Transcribe the full listing exactly, and drop every picture.

---- The data

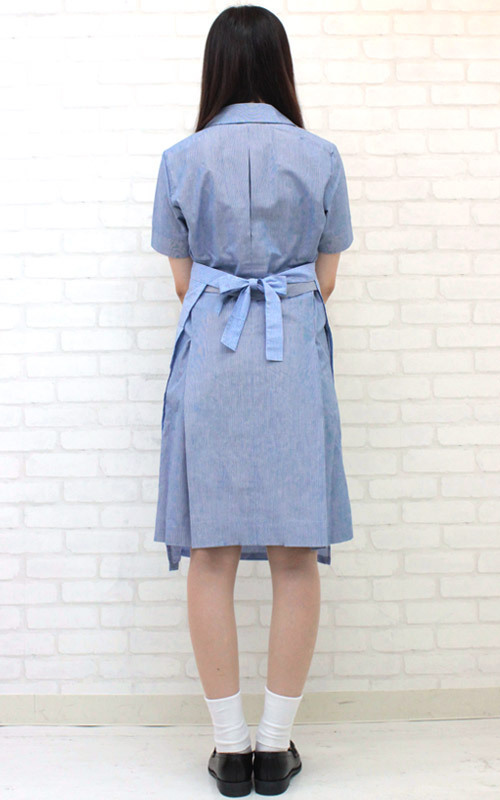 | ■仕様:Mサイズ:B78〜93cm・W60〜75cm 丈:ワンピース93cm(袖丈22cm、肩幅39cm)校内着(ウエスト部分より)68cm セット内容:ワンピース(前ボタン)・ベルト・校内着(エプロン、首元スナップボタンあり) |
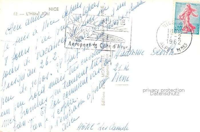 13356497 carte postale Nice Alpes Maritimes Hotel Ruhl postalisch gelaufen Erhaltung siehe scans [FriedD77] KatCode: 11170006206088
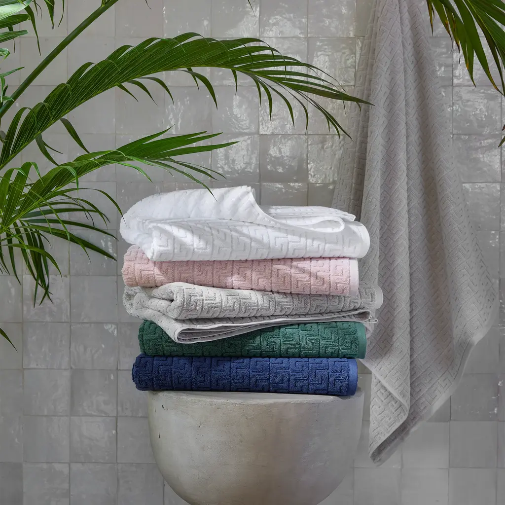 The sculpted Athena Collection from Matouk features a Greek key motif is based on a Schumacher fabric and adds an air of subtle elegance to any bathroom. Crafted in 100% cotton, it comes in a series of sublime hues.
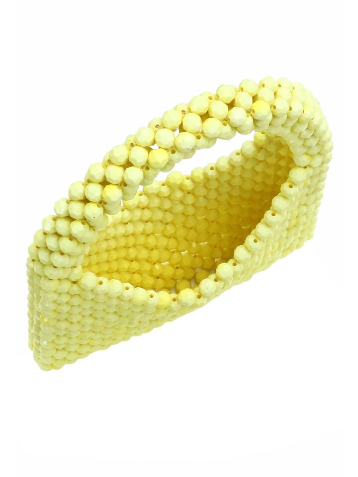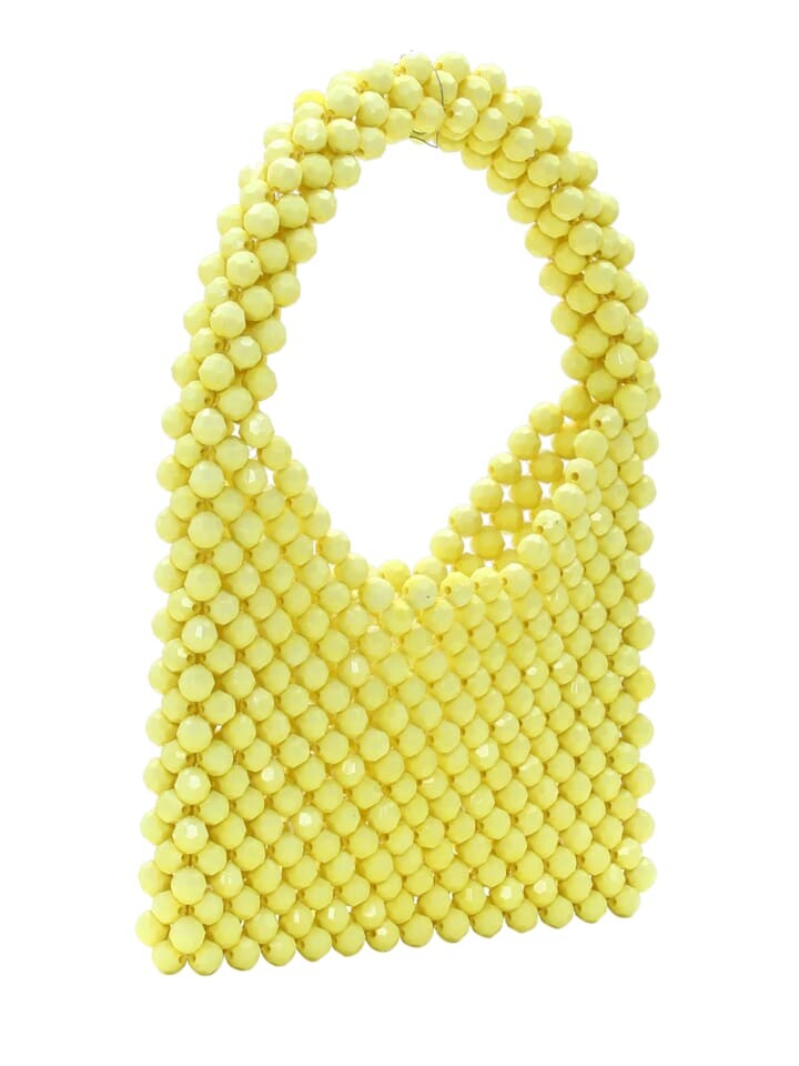Эта сумка из бисера изысканного дизайна представляет собой плотный массив сферических бусин, тщательно собранных в текстурированную поверхность. Изогнутая ручка плавно интегрируется в корпус и сохраняет один и тот же замысловатый узор из бисера по всей длине.
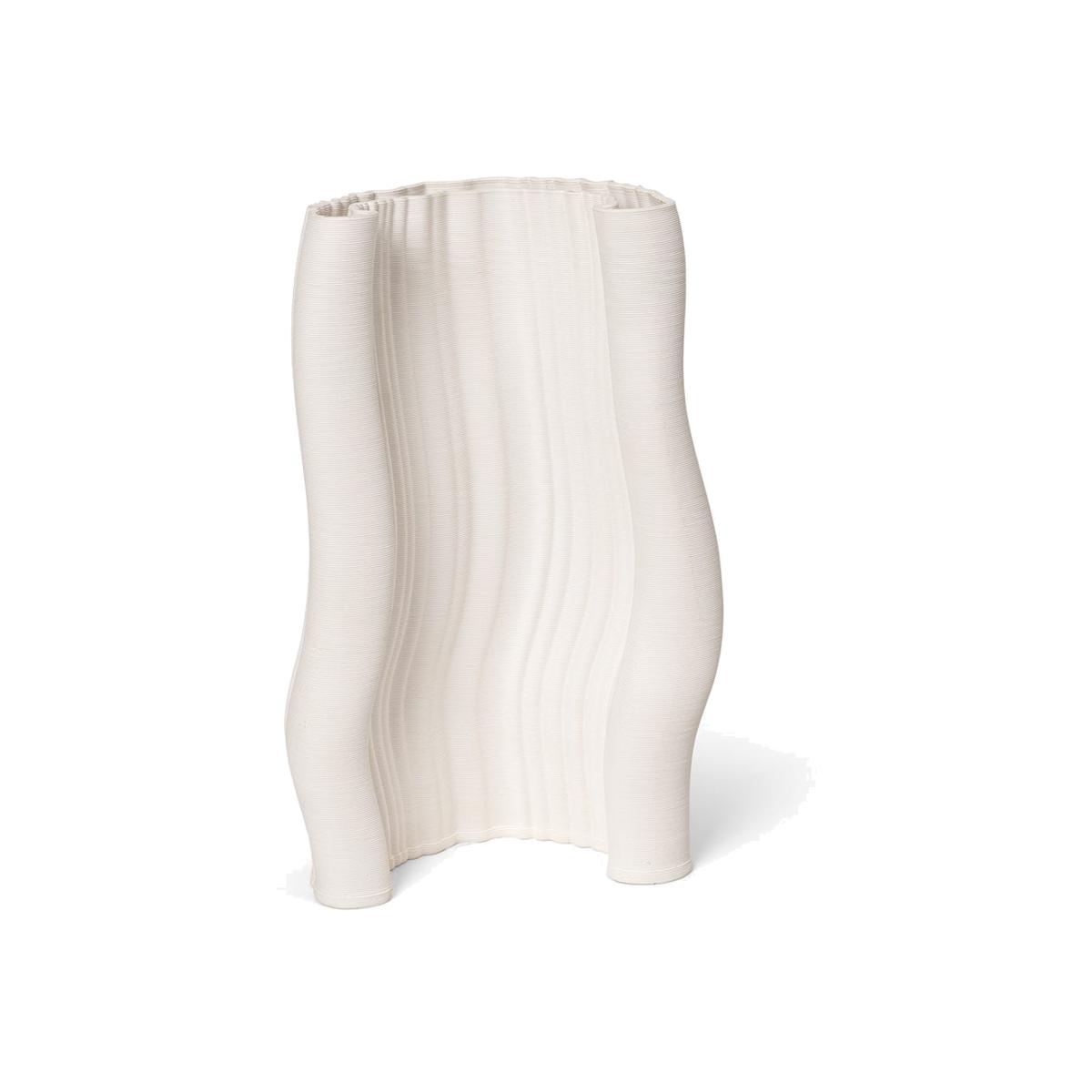 The Moiré Vase is inspired by the graphic effect that occurs when the organic and geometrical clash. The vase has been created through a process of 3D printing clay, resulting in thin layers that have gradually formed a subtle pattern across the body of the vase, revealing its digital origins.
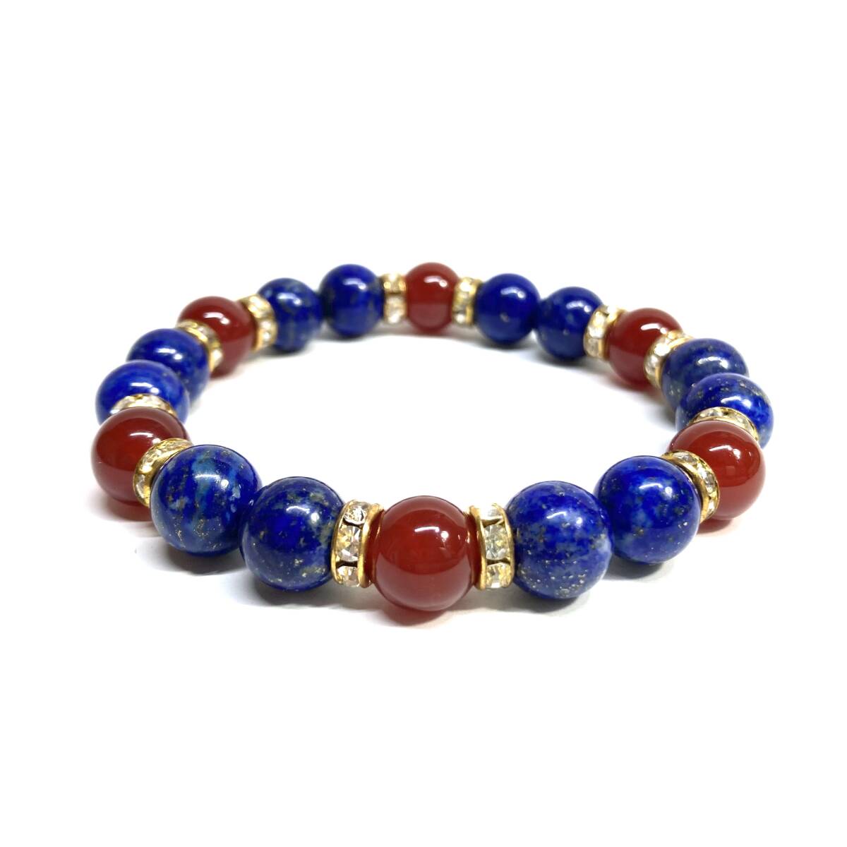 ラピスラズリ&赤瑪瑙 パワーストーン ブレスレット 天然石ブレス (ゴールド) 10mm メンズ・レディース ☆

--------

Completed task:
 | ■仕様:Mサイズ:B78〜93cm・W60〜75cm 丈:ワンピース93cm(袖丈22cm、肩幅39cm)校内着(ウエスト部分より)68cm セット内容:ワンピース(前ボタン)・ベルト・校内着(エプロン、首元スナップボタンあり) |
 13356497 carte postale Nice Alpes Maritimes Hotel Ruhl postalisch gelaufen Erhaltung siehe scans [FriedD77] KatCode: 11170006206088
 The sculpted Athena Collection from Matouk features a Greek key motif is based on a Schumacher fabric and adds an air of subtle elegance to any bathroom. Crafted in 100% cotton, it comes in a series of sublime hues.
Эта сумка из бисера изысканного дизайна представляет собой плотный массив сферических бусин, тщательно собранных в текстурированную поверхность. Изогнутая ручка плавно интегрируется в корпус и сохраняет один и тот же замысловатый узор из бисера по всей длине.
 The Moiré Vase is inspired by the graphic effect that occurs when the organic and geometrical clash. The vase has been created through a process of 3D printing clay, resulting in thin layers that have gradually formed a subtle pattern across the body of the vase, revealing its digital origins.
 ラピスラズリ&赤瑪瑙 パワーストーン ブレスレット 天然石ブレス (ゴールド) 10mm メンズ・レディース ☆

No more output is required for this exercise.